### [What this task involves]
Your answer must consist only of the lines from the start of the entries through the line that holds "Cette bague est", copied exactly, with no pictures.

--

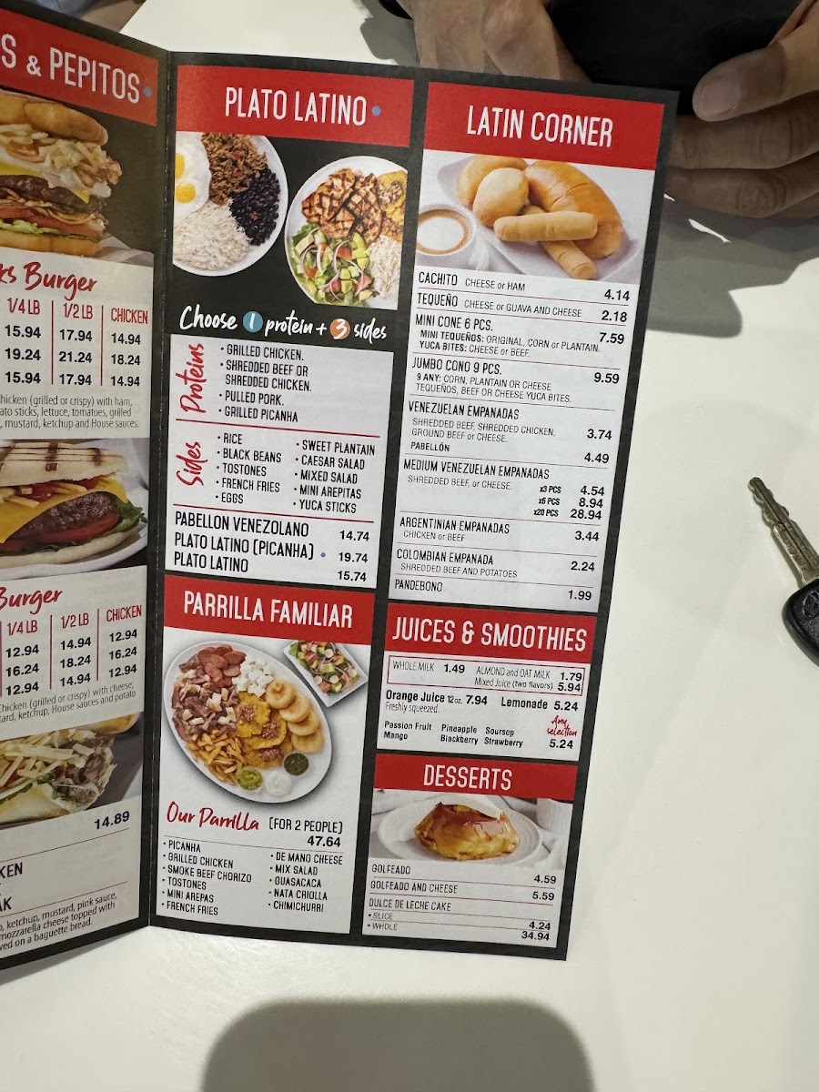 RICE, BLACK BEANS, TOASTONES, FRENCH FRIES, EGGS, SWEET PLANTAIN, CAESAR SALAD, MIXED SALAD, MINI AREPITAS, YUCA STICKS.
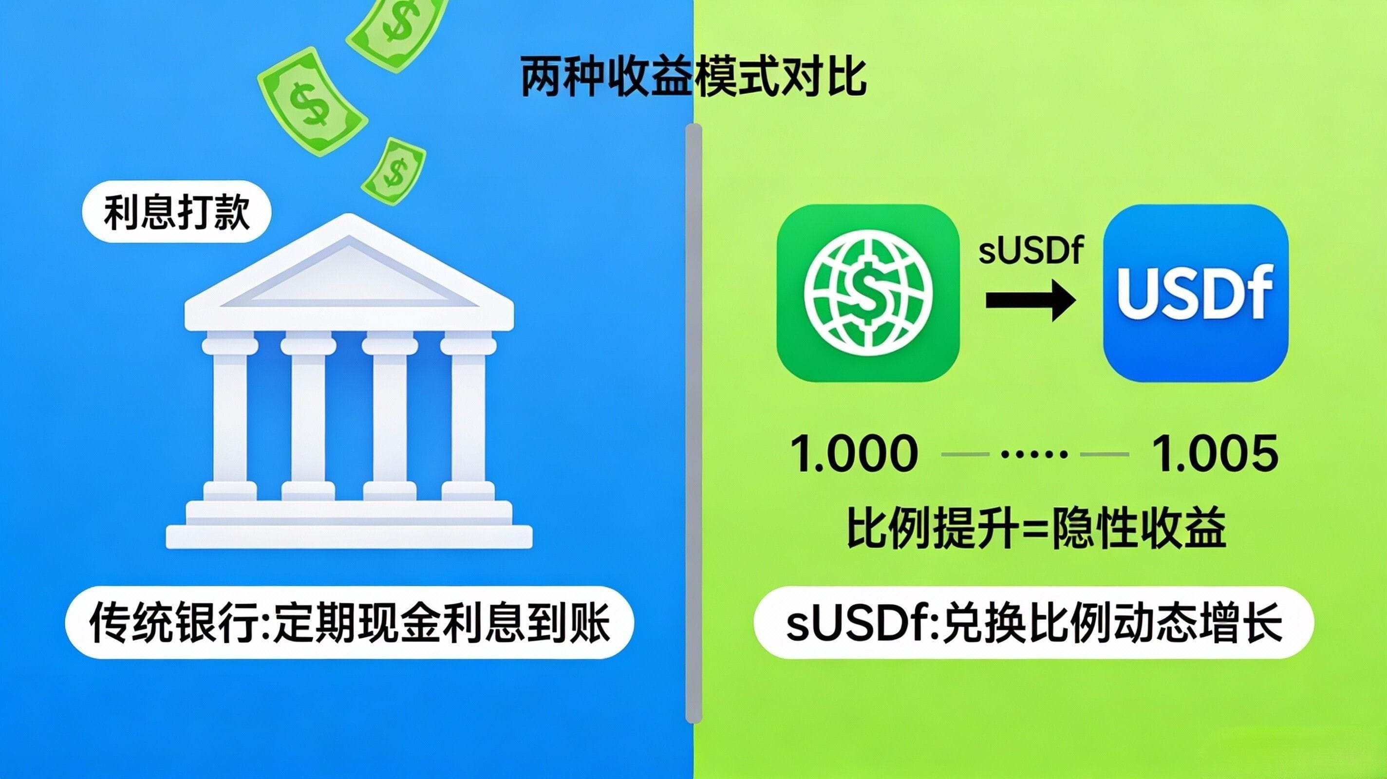 阿祖見過太多第一次用 USDf 的人,質押完換到 sUSDf 之後,隔幾個小時就開始焦慮:怎麼賬戶裏沒有“利息入賬”?APY 明明掛在那兒,爲啥我看不到錢變多?這類焦慮本質上不是你太敏感,而是你把 sUSDf 當成了“銀行存款”,期待它像傳統理財一樣給你打款。但 sUSDf 的邏輯更像“份額制”:收益不會用一筆筆轉賬的方式出現,而是體現在 sUSDf 兌換回 USDf 的換算率裏,你拿着同樣數量的 sUSDf,能換到的 USDf 會隨着時間慢慢變多,這纔是你真正收到的收益。
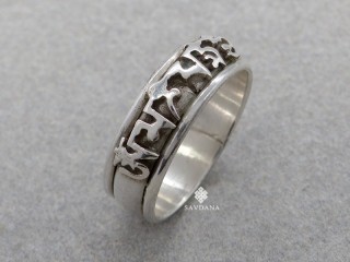Cette bague est très originale car on peut tourner la partie où se trouve le mantra.
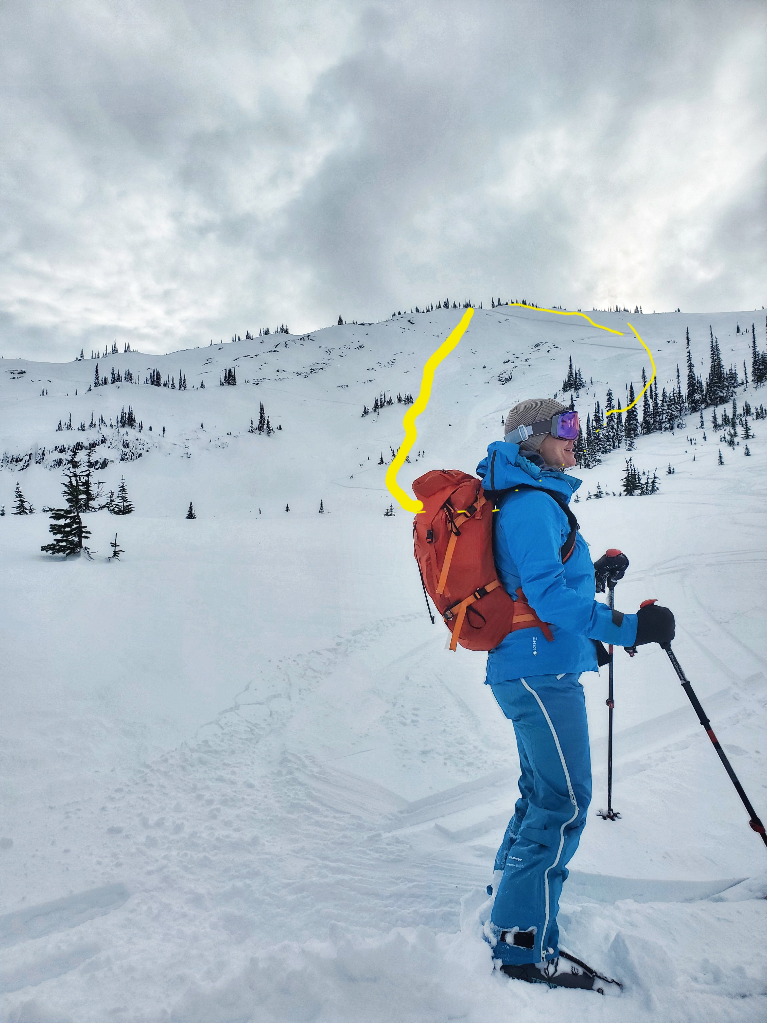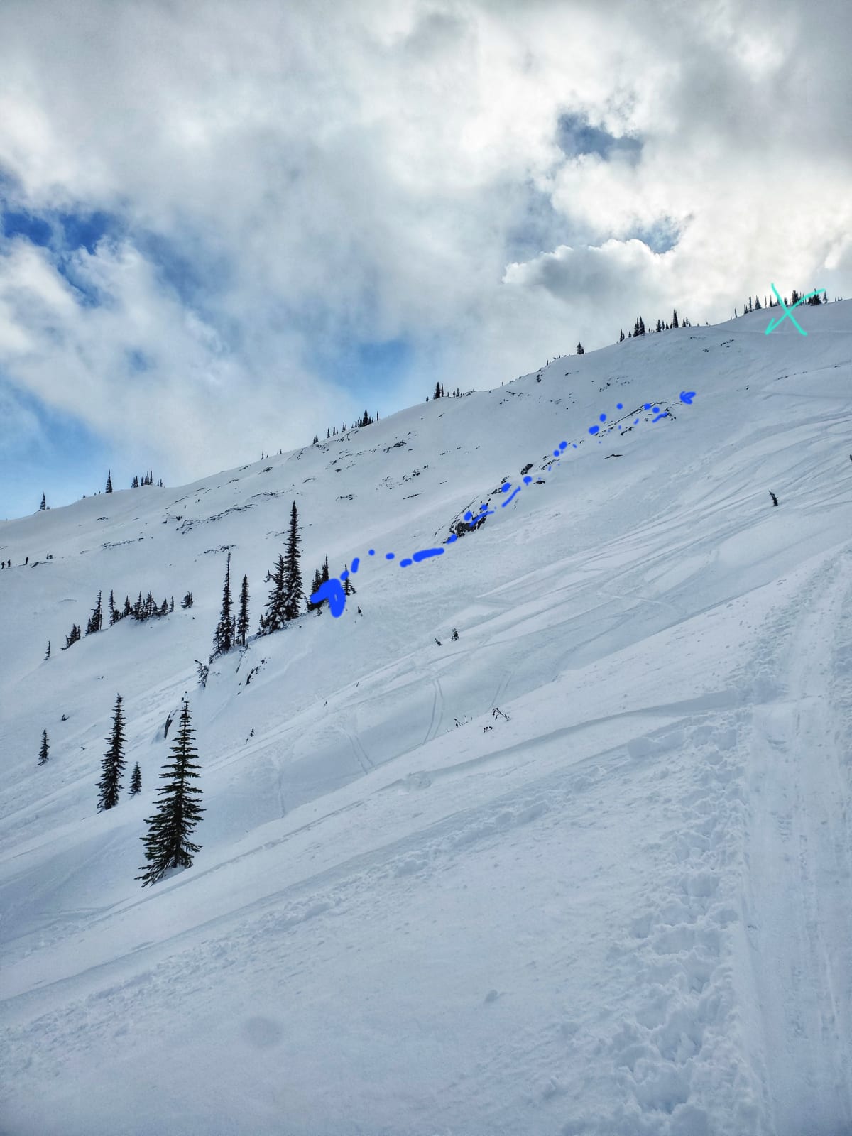 Skier 1 dropped in just below Balu Pass (NE facing) where its steepest and a bit rocky. Looks wind loaded. He stopped on top of the rocky cliffy bit (top of dark blue spot). Skier2 (teal x) dropped in, triggered the slope and skier 1 went for a ride over the cliff, came to a stop 50 to 100m lower. Half buried, had pulled his avi bag, and wasn't injured beyond bruises. He lost a ski. The crown is 1-2 feet, at least 50m wide, and it ran to where it flattens out. Small slope, but skier 1 was lucky to not get hurt in the cliffs or trees.
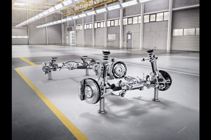 Suspension is now fully-independent at the front, with double-wishbones, while the rear has a more traditional solid beam axle. Everything's been packaged around giving the car a maximum possible ride height, which now stands at 270mm. The maximum wading depth is also increased, by 40mm to 700mm, while it has a 30-degree approach angle, a 26-degree break-over angle and a 31-degree departure angle. These are all serious off-road numbers, and remember that this is the basic version. Mercedes has more extreme off-roading options in mind for later...
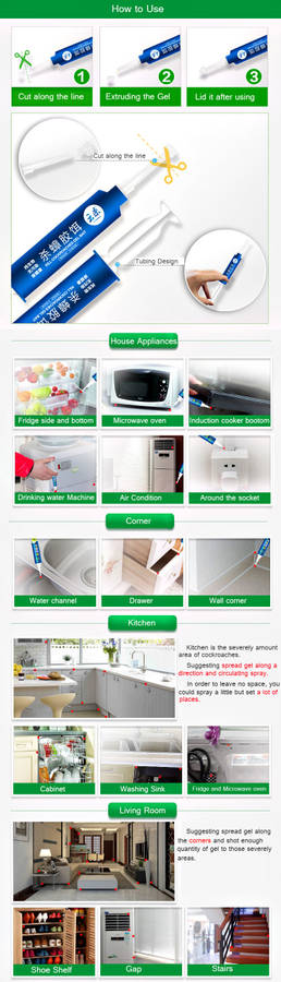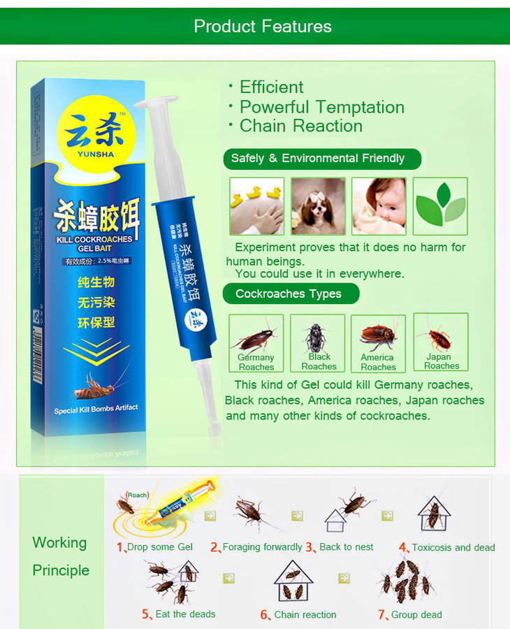 Description :10g Powerful Anti Cockroach Pesticide Control Gel Bait Drugs Poison Nest Environmentally Friendly Genuine SyringNon-toxic, Non-pollution, Non-irritation, It is more safety, you can rest assured to use it in your family.

--

### [Answer box]
 RICE, BLACK BEANS, TOASTONES, FRENCH FRIES, EGGS, SWEET PLANTAIN, CAESAR SALAD, MIXED SALAD, MINI AREPITAS, YUCA STICKS.
 阿祖見過太多第一次用 USDf 的人,質押完換到 sUSDf 之後,隔幾個小時就開始焦慮:怎麼賬戶裏沒有“利息入賬”?APY 明明掛在那兒,爲啥我看不到錢變多?這類焦慮本質上不是你太敏感,而是你把 sUSDf 當成了“銀行存款”,期待它像傳統理財一樣給你打款。但 sUSDf 的邏輯更像“份額制”:收益不會用一筆筆轉賬的方式出現,而是體現在 sUSDf 兌換回 USDf 的換算率裏,你拿着同樣數量的 sUSDf,能換到的 USDf 會隨着時間慢慢變多,這纔是你真正收到的收益。
Cette bague est très originale car on peut tourner la partie où se trouve le mantra.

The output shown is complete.